People tend to be concerned when the dog slows down their appetite, and try to entice them to eat more than their body needs by adding all sorts of appealing things to the food. This starts a cycle of the dog not eating until the extras are added in. 
Put his food down, probably one cup, in the morning, with nothing stirred in. If he hasn't finished it in 10 minutes, pick it back up and don't offer anything else until dinner. Again, his 1 cup, nothing added, left down for 10 minutes. He will learn that food needs to eaten when offered (and what is offered is what's on the menu) or it will not be there later. 
Don't worry if he misses several meals. Dogs can go many days without eating at all, and it won't hurt them a bit. 
Chewing on sticks, etc., isn't a reflection of hunger. It's what dogs that age do. 
I always told my dogs (and kids) that they have 2 choices for meals....Take it, or Leave it.


----------



## Test-ok (Jan 15, 2015)

I'd be feeding him that all the time...which is good for him. You're making it a special treat that way.


----------



## LindaLazarou (Apr 24, 2015)

thank you for the comments and feedback, much appreciated.

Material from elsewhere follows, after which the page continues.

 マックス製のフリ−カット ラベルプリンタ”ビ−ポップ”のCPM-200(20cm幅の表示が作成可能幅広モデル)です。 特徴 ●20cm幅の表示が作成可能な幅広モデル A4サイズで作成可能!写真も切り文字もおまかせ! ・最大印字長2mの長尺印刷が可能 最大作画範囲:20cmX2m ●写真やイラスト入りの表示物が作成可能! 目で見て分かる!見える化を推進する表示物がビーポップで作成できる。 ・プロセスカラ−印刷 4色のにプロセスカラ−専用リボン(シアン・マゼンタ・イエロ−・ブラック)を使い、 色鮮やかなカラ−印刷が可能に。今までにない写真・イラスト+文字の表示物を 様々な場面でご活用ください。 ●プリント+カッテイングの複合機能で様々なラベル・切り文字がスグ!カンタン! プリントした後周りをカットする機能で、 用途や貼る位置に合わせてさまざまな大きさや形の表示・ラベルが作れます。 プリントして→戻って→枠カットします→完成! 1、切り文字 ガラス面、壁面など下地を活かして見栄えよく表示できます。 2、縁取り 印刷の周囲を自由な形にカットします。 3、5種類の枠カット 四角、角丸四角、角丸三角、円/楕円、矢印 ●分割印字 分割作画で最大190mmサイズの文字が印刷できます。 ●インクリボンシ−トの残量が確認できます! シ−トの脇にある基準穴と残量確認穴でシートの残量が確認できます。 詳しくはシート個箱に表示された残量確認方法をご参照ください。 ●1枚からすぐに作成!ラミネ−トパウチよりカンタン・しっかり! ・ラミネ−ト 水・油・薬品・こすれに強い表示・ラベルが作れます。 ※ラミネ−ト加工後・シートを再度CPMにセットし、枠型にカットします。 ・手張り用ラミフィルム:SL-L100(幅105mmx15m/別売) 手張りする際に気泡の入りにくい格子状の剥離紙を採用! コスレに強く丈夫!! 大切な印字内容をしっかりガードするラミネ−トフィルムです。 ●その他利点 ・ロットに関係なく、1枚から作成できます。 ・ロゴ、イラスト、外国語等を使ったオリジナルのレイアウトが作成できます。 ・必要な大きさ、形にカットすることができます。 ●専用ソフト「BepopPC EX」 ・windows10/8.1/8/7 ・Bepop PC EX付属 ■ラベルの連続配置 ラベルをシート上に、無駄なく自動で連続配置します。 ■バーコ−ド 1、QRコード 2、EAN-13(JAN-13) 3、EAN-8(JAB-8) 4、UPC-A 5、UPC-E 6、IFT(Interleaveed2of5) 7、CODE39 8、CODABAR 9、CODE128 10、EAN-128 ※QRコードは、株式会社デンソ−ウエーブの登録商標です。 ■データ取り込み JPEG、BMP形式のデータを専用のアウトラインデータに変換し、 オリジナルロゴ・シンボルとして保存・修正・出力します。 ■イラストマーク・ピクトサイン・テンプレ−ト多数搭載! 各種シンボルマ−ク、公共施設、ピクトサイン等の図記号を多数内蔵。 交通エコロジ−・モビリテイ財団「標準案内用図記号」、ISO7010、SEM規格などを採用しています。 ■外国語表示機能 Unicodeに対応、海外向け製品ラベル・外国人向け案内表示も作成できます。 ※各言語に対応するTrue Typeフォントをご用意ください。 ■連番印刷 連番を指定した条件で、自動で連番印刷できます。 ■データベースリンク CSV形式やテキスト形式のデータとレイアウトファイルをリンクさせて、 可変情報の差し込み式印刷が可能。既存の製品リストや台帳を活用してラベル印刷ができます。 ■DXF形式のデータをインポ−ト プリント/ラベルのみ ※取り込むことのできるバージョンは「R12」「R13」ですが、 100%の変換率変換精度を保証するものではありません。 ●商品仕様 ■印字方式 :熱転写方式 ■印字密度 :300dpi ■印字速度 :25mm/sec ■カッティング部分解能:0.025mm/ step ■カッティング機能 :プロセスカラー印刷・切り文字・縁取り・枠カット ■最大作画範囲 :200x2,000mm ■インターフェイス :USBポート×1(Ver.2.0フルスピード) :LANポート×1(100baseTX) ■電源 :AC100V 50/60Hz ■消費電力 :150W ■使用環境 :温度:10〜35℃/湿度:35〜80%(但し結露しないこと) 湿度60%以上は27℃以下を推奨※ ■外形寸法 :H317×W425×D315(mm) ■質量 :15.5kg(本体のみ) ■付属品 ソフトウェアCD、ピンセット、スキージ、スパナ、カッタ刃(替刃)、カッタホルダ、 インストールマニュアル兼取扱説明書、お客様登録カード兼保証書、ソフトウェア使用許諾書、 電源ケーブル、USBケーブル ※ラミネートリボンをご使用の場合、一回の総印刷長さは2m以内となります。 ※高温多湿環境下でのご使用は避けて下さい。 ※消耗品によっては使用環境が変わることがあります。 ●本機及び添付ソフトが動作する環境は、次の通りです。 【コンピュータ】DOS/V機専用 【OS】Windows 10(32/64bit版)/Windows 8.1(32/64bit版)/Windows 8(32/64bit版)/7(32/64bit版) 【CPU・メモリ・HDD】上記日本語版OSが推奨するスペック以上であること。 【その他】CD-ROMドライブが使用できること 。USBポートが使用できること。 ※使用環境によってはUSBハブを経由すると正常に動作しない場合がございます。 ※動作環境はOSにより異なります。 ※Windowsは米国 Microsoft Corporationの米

On advice of a friend's breeder, we have been putting a couple of tablespoons of good wet food in Buddy's food and he's been downing all his food which is fantastic. I feed him 4 cups a day, he's around 70lbs and just approaching a year and our vet said he's in fantastic shape, he gets walked a lot and we don't feed him lots of snacks. However, recently he's developed an allergic reaction in his skin, and we think he's allergic to dairy, so we cannot feed him cheese, milk, eggs etc. Eggs made him sick before and now he has this bad skin reaction. Vet shaved tail which was bleeding from him nipping at it and now he's on antibiotics and we are back to stripping back to just kibble and putting in a little plain chicken or Salmon which is working so far. He's obviously very sensitive on his stomach, so we'll see what his new vet says in a couple of weeks, but it's cone on the head whilst he's unsupervised for 21 days, bless!!!!!! :uhoh:


----------